If I understand it correctly, your suggestions wouldn’t have prevented it, which is evidence that this is not as trivially fixable as you believe it is.
Yet most developers I work with just use it reflexively. This seems like one of the biggest issues with the npm ecosystem - the complete lack of motivation to write even trivial things yourself.
The next incarnation of this, I worry, is that the malware hibernates somehow (e.g., if (Date.now() < 1776188434046) { exit(); }) to maximize the damage.
I feel like npm specifically needs to up their game on SA of malicious code embedded in public projects.
> March 31, around 01:00 UTC: community members file issues reporting the compromise. The attacker deletes them using the compromised account.
Interesting it got caught when it did.
> something on my system was out of date. i installed the missing item
Given the "extreme vigilance" of the primitive "don't install unknown something on your machine" level is unattainable, can there really be an effective project-level solutions?
Mandatory involvement of more people to hope not everyone installs random stuff, at least not at same time? (though you might not even have more people...)
Seems to me that one drastic tactic NPM could employ to prevent attacks like this is to use hardware security. NPM could procure and configure laptops with identity rooted in the laptop TPM instead of 2FA. Configure the NPM servers so that for certain repos only updates signed with the private key in the laptop TPM can be pushed to NPM. Each high profile repo would have certain laptops that can upload for that repo. Set up the laptop with a minimal version of Linux with just the command line tools to upload to NPM, not even a browser or desktop environment. Give those laptops to maintainers of high profile repos for free to use for updates.
Then at update time, the maintainer just transfers the code from their dev machine to the secure laptop via USB drive or CD and pushes to NPM from the special laptop.
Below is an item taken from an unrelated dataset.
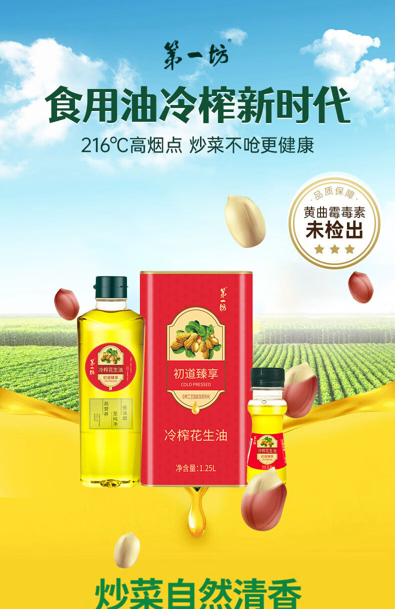 第一坊 初道臻享冷榨花生油1765ml套装(1.25L+455ml+60ml)

Adding postinstall should require approval from NPM. NPM clients should not install freshly published packages. NPM packages should be scanned after publishing. High profile packages should verify upstream git hash signature. NPM install should run in sandbox and detect any attempt to install outside project directory.
But npm being part of multi trillion company cannot be bothered to fix any of these. Instead they push for tighter integration with GitHub with UX that suck.
NPM rejected PRs to support optional signing multiple times more than a decade ago now, and this choice has not aged well.
Anyone that cannot take 5 minutes to set up commit signing with a $40 usb smartcard to prevent impersonation has absolutely no business writing widely depended upon FOSS software.
Normalized negligence is still negligence.